Importantly, as not all of the vocabulary tests were run double-blind, any unconscious cuing on the part of the caretakers should have led to many proximity errors (including errors that had no other code), and this is not the pattern observed. These results further support the hypothesis that the apes’ representations of the lexigram symbols and their English and referential counterparts comprises a complex system of multiple associations, including physical, spatio-temporal and conceptual associations.

Many researchers have argued that syntactical structure is the singular linguistic ability that separates human language from animal communication (Calvin and Bickerton 2000; Pinker 1994; Wallman 1992). These data support that claim in that the apes did not make errors based on part of speech more often than would be expected by chance. However, the determination of chance is confounded because the “part of speech” code was only utilized in absence of a categorical match. Given the large number of categorical matches by the apes, and the small number of categorical matches in the random distributions, the detection of any syntactical markings would be difficult to separate from the semantic (categorical) effect. This confound is further affected by the predominance (over 86%) of nouns on the keyboard. Future analysis of data with more verb, adjective, and/or performative samples may clarify the syntactical marking question and would help to clarify the distinction between semantic relations (actions vs. agents, etc., see Greenfield and Savage-Rumbaugh 1990; Greenfield and Lyn 2007, also Lyn et al., unpublished data) and syntactical parts of speech (nouns vs. verbs, etc.). This distinction must be made, as although both apes make more verb errors when presented with a verb sample, the verb samples cannot be separated from their semantic class of “action”. The recently expanded keyboard contains many more nonaction verbs, allowing for possible future study.

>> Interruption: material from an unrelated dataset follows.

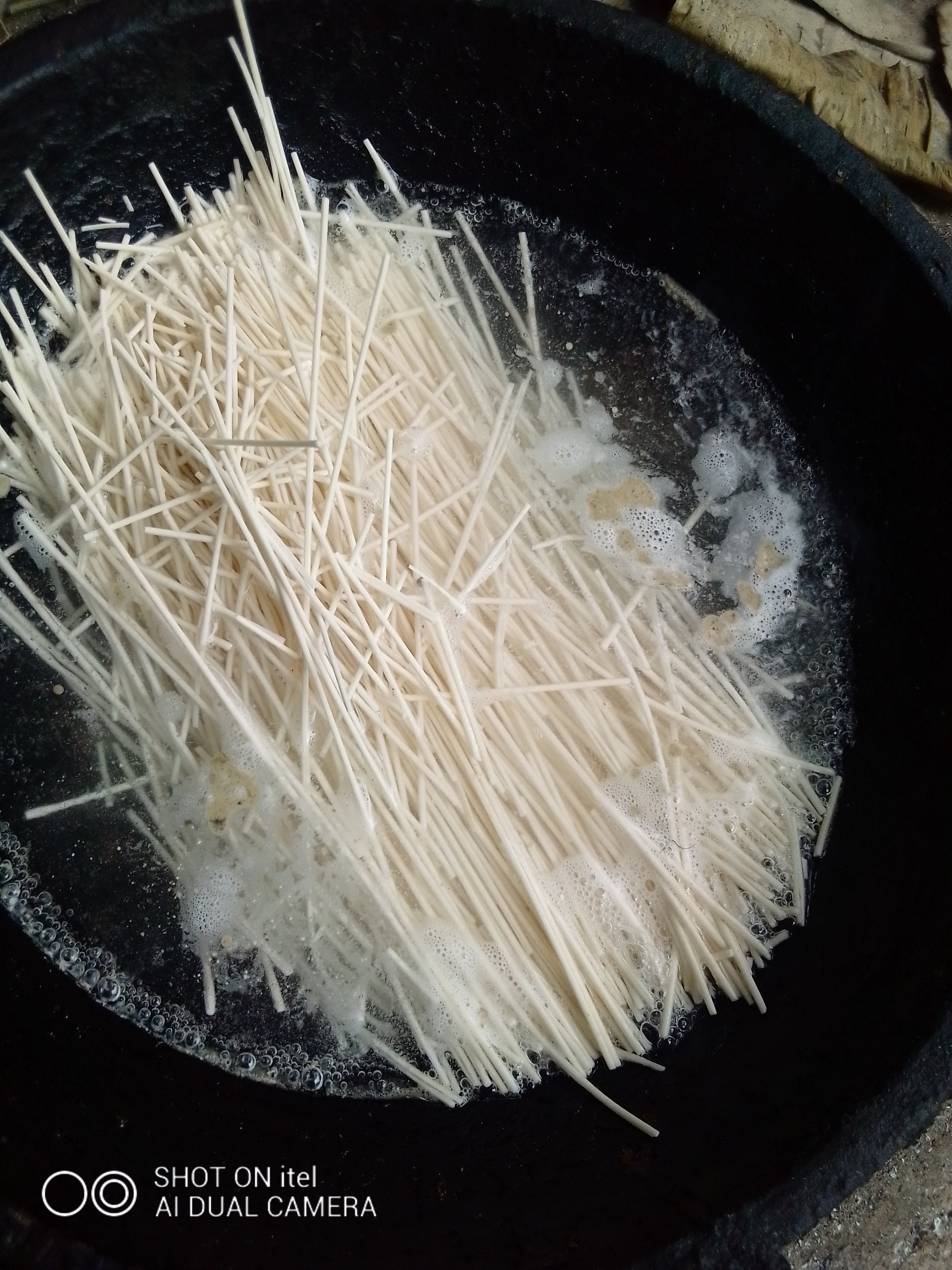 তারপর নুডলস সিদ্ধ করে নিতে হবে। সিদ্ধ হয়ে এলে তা ঝুরি বা সরপসের উপর ঢালতে হবে।

Finally, there were a number of “error” types that included attempted communications, rather than attempts to respond to the sample, such as requests for items, continuations of previous topics, etc. For example, when asked to find the lexigram for “Sue”, Kanzi initially responded with what could be interpreted as a request for interaction “Chase, Tickle” then indicated “Sue”. This interpretation is supported by the caretaker’s comment that Kanzi first responded with activities that he would like to do with Sue. In another instance, the caretaker’s comment at the beginning of a test session indicated that she and Kanzi had communicated about going out to the playyard. Kanzi responded “open” or “playyard” in all four errors found in that test session. Another example may be when an ape chooses the lexigram of a food found at a location, instead of the location itself (e.g. “blackberries” for “criss cross corners”). These “errors” are included within the “uncategorizable” code when none of the other above codes is indicated. However, these “errors” indicate the continued use of the keyboard as a communicative system and are an interesting subject for possible further analysis. Importantly, however, these future analyses would be reliant on the subjective views of caregivers present during the tests to tell us “why” the apes may have made the mistakes it did.

These findings detail the spontaneous formation of hierarchical, conceptual categories by symbol-using bonobos utilizing a data set of vocabulary errors. Many questions remain to be answered including questions of any developmental changes that may have taken place over the 10+ years of data collection, co-occurrences of certain kinds of errors; detailed examination of the uncategorizable errors, and analysis of the specific types of hierarchical categories that were formed by the bonobos. While outside of the scope of this paper, these questions remain worthy of further pursuit.